Hacker News new | ask | show | jobs
by kir-gadjello 1138 days ago
Impressive model, thank you for releasing it under a business-friendly license!

Have you considered using Google's sparse "scaling transformer" architecture as the base? Even at 3B scale it can generate 3-4x more tokens per FLOP while being competitive at perplexity with a dense transformer. I think OpenAI uses a variant of it in their ChatGPT-3.5-Turbo product.

Here is the paper https://arxiv.org/abs/2111.12763 and the implementation https://github.com/google/trax/blob/master/trax/models/resea... if you are interested.

Hope you get to look into this!

3 comments

Thank you for releasing the weights along with the announcement. The posts that made great headlines, but “weights are on their way!”

Like why did we even get excited? This? Great work.

> I think OpenAI uses a variant of it in their ChatGPT-3.5-Turbo product.

is that a guess or is there a source? im curious to read more

It is a guess informed by some familiarity with the literature and by going over the papers authored by researchers credited in the OpenAI's "GPT-4 contributors" web page.

I have an expanded list of foundational research that is likely to serve as basis for gpt4 here in my blog: https://kir-gadjello.github.io/posts/gpt4-some-technical-hyp...

Hope it helps!

Interesting resource.

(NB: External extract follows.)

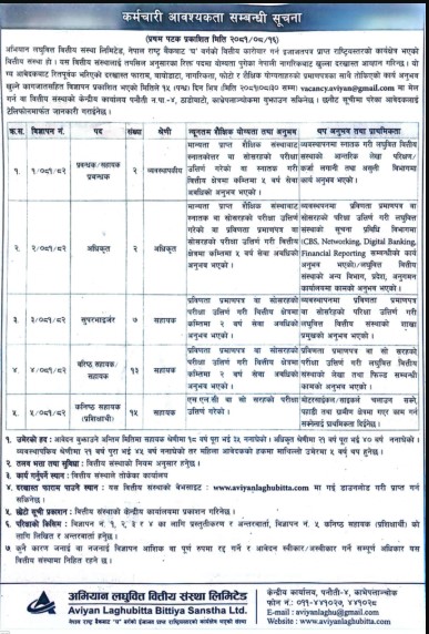 संस्थाले आफ्नो केन्द्रीय कमार्यालय तथा विभिन्न शाखा कार्यालयका लागि कर्मचारी माग गरेको हो । ईच्छुक तथा योग्यता पुगेका व्यक्तिले आफ्नो बायोडाटा, शैक्षिक प्रमाणपत्र तथा नागरिकता लगायतका आवश्यक कागजात सहित सूचना प्रकाशित भएको मितिले १५ दिनभित्र कम्पनीको इमेल ठेगाना,अनलाईन वा कम्पनीको केन्द्रीय कार्यालयमै उपस्थित भएर आवेदन दिन सकिने जनाइएको छ ।

I had been wondering whether anyone had tried to compile such a list.
thank you! glad i asked
I don't think it's a business friendly license?
It allows for modifications and commercial use: https://creativecommons.org/licenses/by-sa/4.0/

>You are free to:

>Share — copy and redistribute the material in any medium or format

>Adapt — remix, transform, and build upon the material

>for any purpose, even commercially.

Compare this to the latest release from StabilityAI lab DeepFloyd, "IF", which in addition to various restrictive clauses strictly prohibits commercial use: https://github.com/deep-floyd/IF/blob/develop/LICENSE-MODEL

Repl.it's release is as open as it gets these days, in my book.

It's a copyleft license; and lots of folks on HN seem to think that copyleft, while being open, isn't business friendly.
Wow! I sincerely wonder how all those folks manage to do business in the tech industry without ever touching Linux, Git, Bash, GCC, glibc, WordPress, Ansible, Grafana, MongoDB, 7-Zip, Vim, Emacs, Firefox, Thunderbird, StackOverflow, Wikipedia, most web fonts, most ad blockers, and all the rest!